A mass 1.2 kg of is attached to a spring and placed on a friction-less air track. Initially the mass is resting in equilibrium. A 10-gram bullet is fired into the mass to initiate oscillatory motion. The bullet hits the mass from the left side at a speed of 120 m/s at t=0 and gets lodged inside of it. After that, the system starts oscillating harmonically with a period of 15 seconds.
1. Use momentum conservation to find the initial velocity of the mass right after it was hit by the
bullet.
2. What was the kinetic energy of the bullet? What was the kinetic energy of the mass right after it
was hit by the bullet? Where did the difference go?
3. Find the amplitude and phase constant of the resulting oscillations.
4. Write explicit expressions for the position x(t) and velocity v(t) of the mass as a function of time.
To answer these questions, we will need to apply different principles of physics. Let's go through each question step by step:
1. Use momentum conservation to find the initial velocity of the mass right after it was hit by the bullet:
To solve this problem, we can use the principle of conservation of momentum. The total momentum before the bullet is fired is zero since there is no initial motion. After the bullet is fired and lodges in the mass, the system starts moving.

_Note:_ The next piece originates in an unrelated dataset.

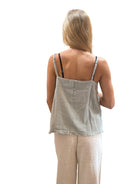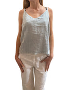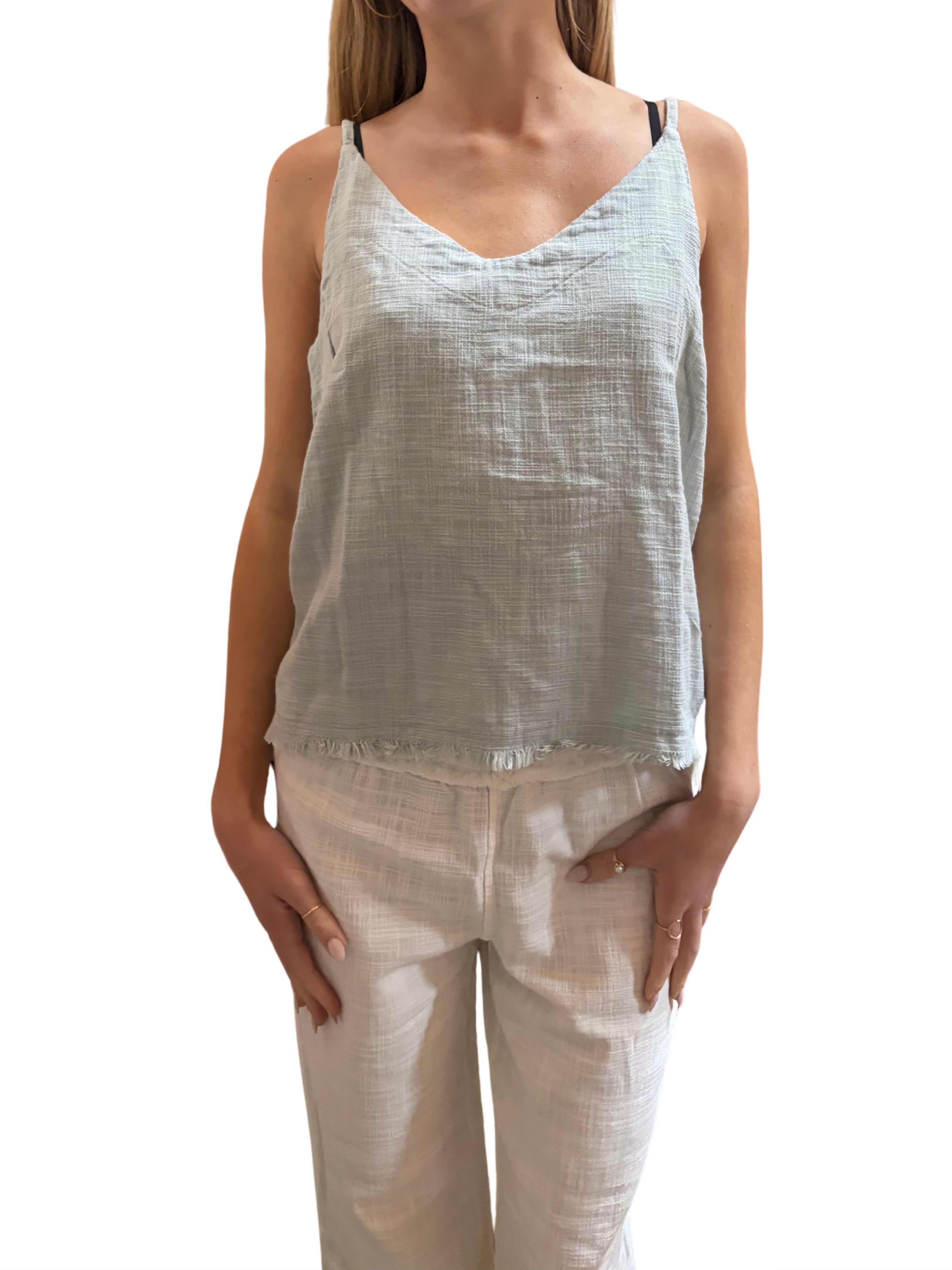 Camisole with adjustable straps and a v-neck. Featuring frayed edges

The momentum before the collision (bullet) is given by:
Initial momentum of bullet = mass of bullet * velocity of bullet
= (0.01 kg) * (120 m/s) = 1.2 kg⋅m/s
Considering the momentum conservation, the momentum of the bullet and the mass after the collision would be equal to the initial momentum of the system, which is zero.
Hence,
0 = (mass of bullet + mass of mass) * final velocity
(0.01 kg + 1.2 kg) * final velocity = 0
final velocity = 0 m/s
Therefore, the initial velocity of the mass right after it was hit by the bullet is 0 m/s.

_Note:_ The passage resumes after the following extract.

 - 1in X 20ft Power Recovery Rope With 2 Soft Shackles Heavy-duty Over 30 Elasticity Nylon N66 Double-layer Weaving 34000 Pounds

2. What was the kinetic energy of the bullet? What was the kinetic energy of the mass right after it was hit by the bullet? Where did the difference go?

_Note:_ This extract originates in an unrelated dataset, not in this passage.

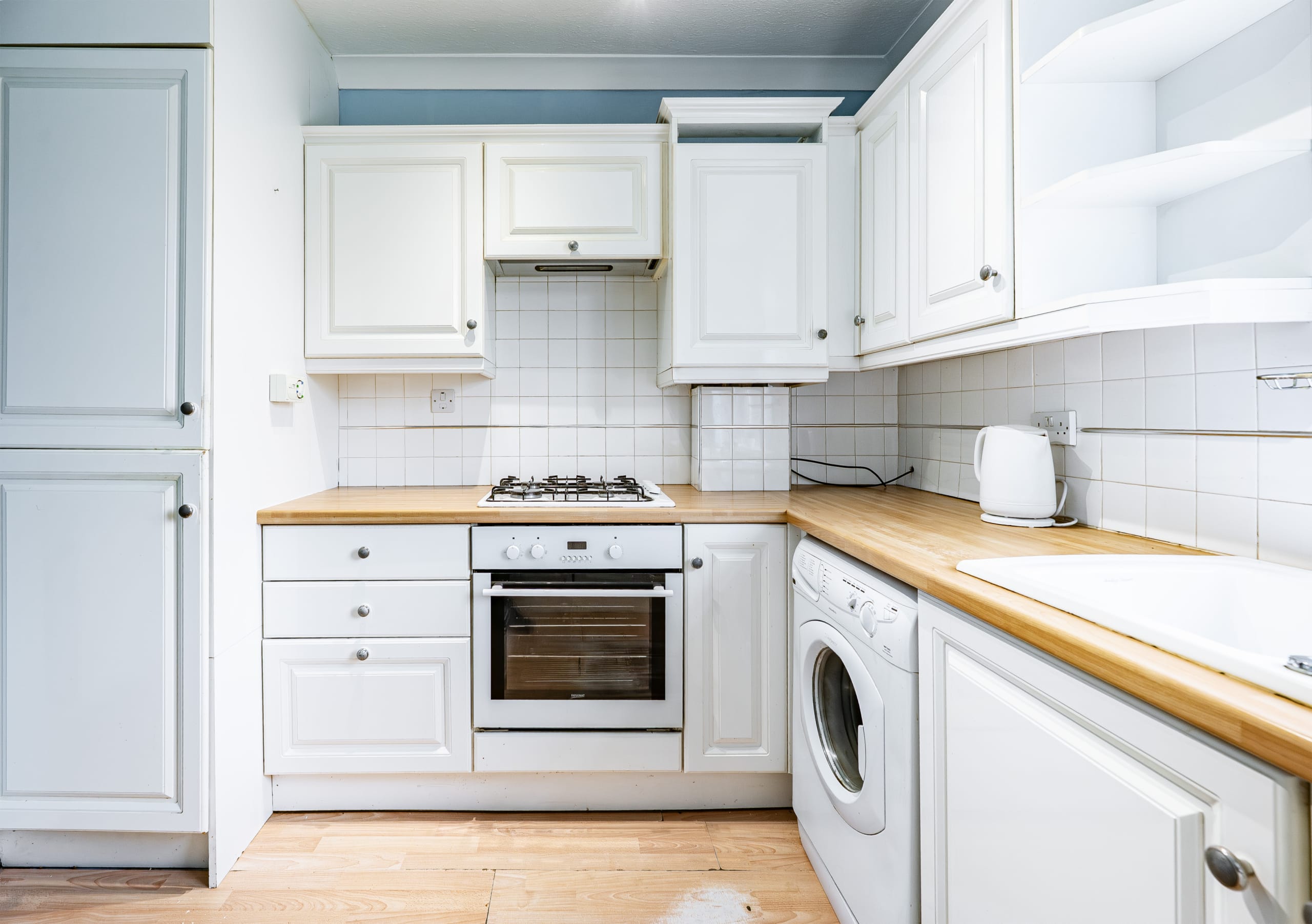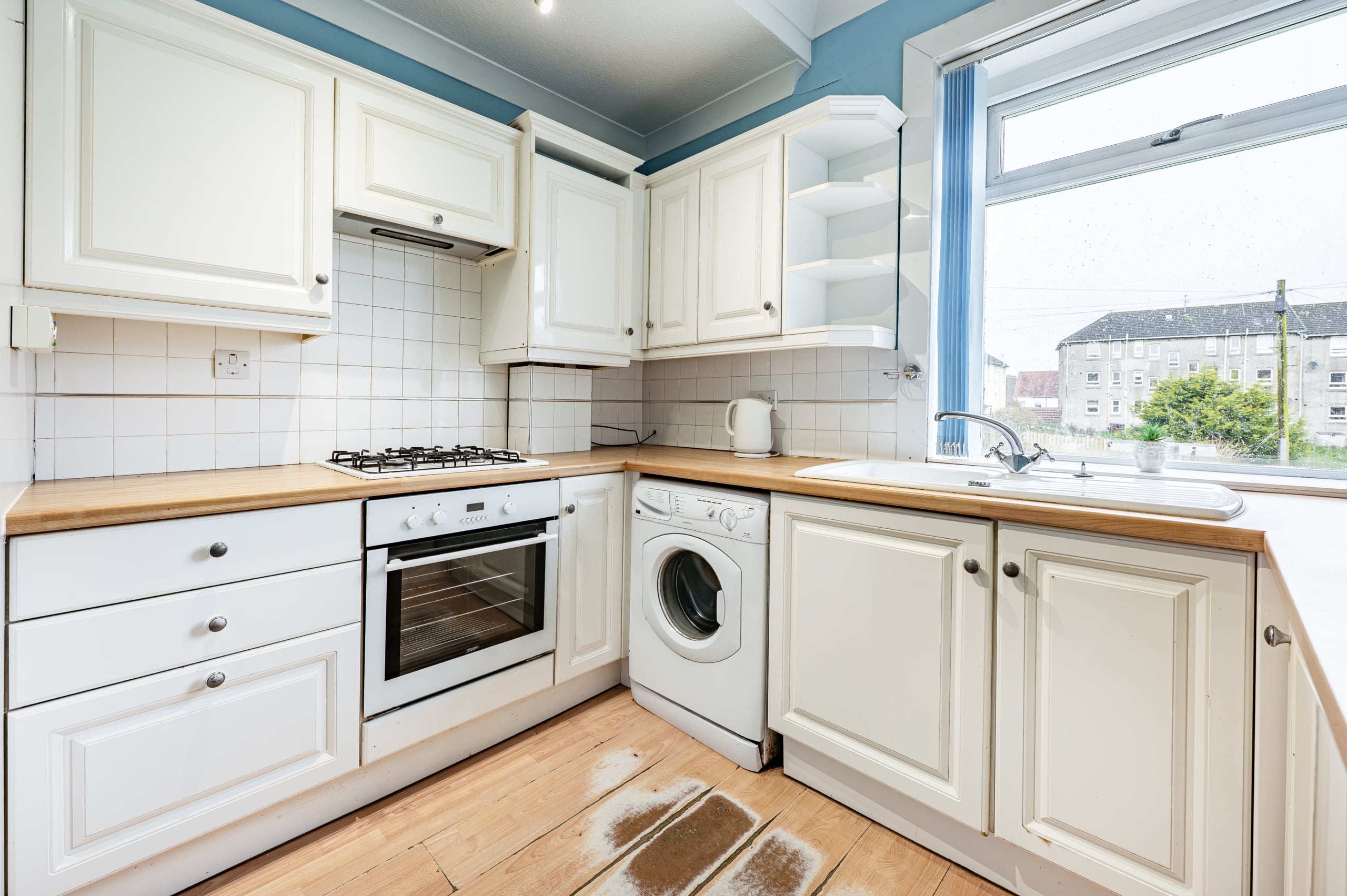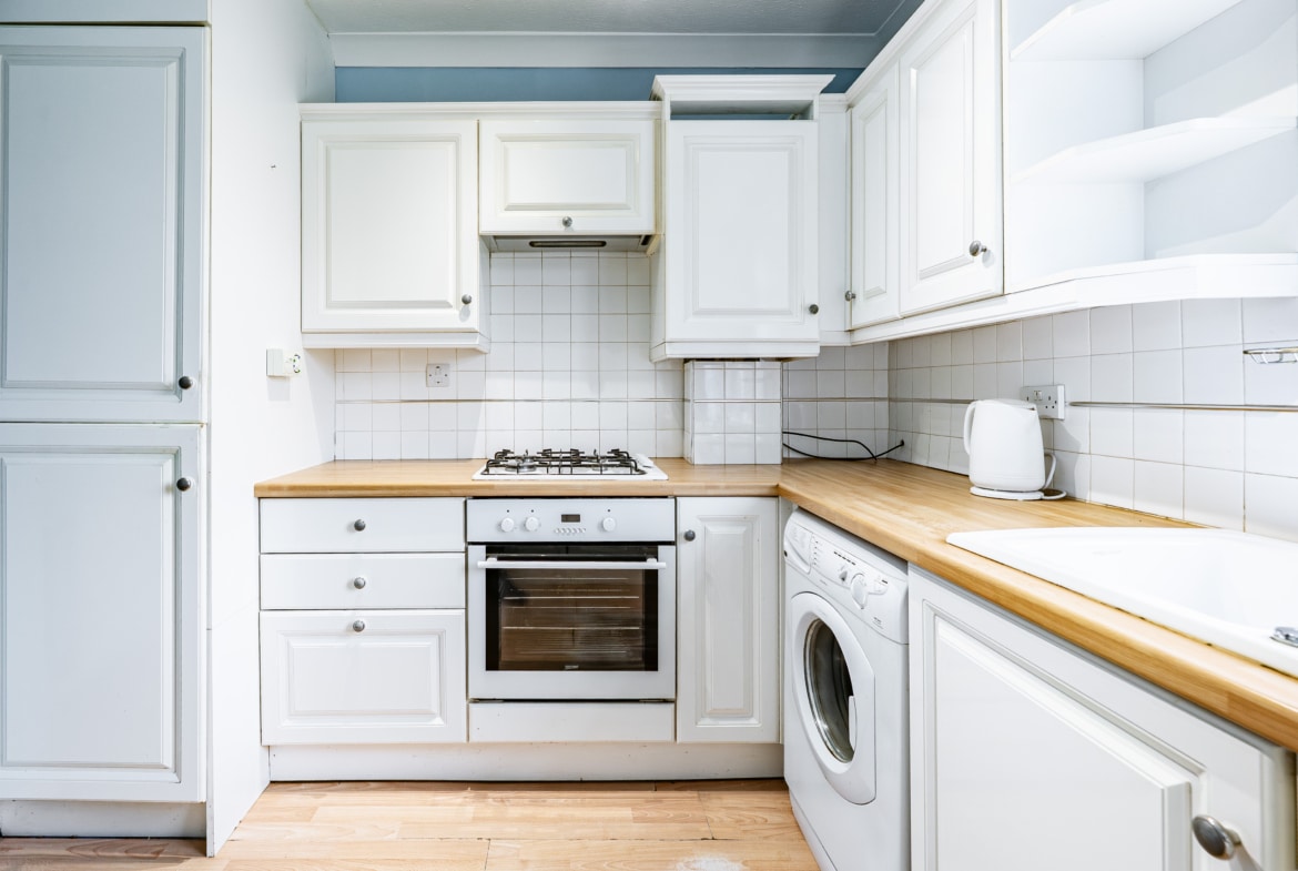 The accommodation is entered via a welcoming reception hallway, which features a useful storage cupboard that could also be utilised as a compact home working space, enjoying a pleasant outlook over the rear gardens. To the front of the property, there is a generously proportioned lounge alongside a spacious double bedroom. The well-appointed kitchen is fitted with a range of base and wall-mounted units and includes an integrated fridge, freezer, oven, and gas hob, with additional space for a freestanding washing machine. A modern wet room completes the internal accommodation.

The kinetic energy of an object is given by the equation:
Kinetic energy (KE) = (1/2) * mass * velocity^2
For the bullet:
KE of bullet = (1/2) * mass of bullet * (velocity of bullet)^2
= (1/2) * 0.01 kg * (120 m/s)^2 = 72 J
For the mass right after the collision:
KE of mass = (1/2) * mass of mass * (final velocity)^2
= (1/2) * 1.2 kg * (0 m/s)^2 = 0 J
The difference in kinetic energy (72 J - 0 J = 72 J) went into potential energy stored in the spring during the collision. This energy is converted into potential energy rather than kinetic energy because the system started oscillating harmonically, implying that the motion is oscillatory and energy is being exchanged between kinetic and potential forms.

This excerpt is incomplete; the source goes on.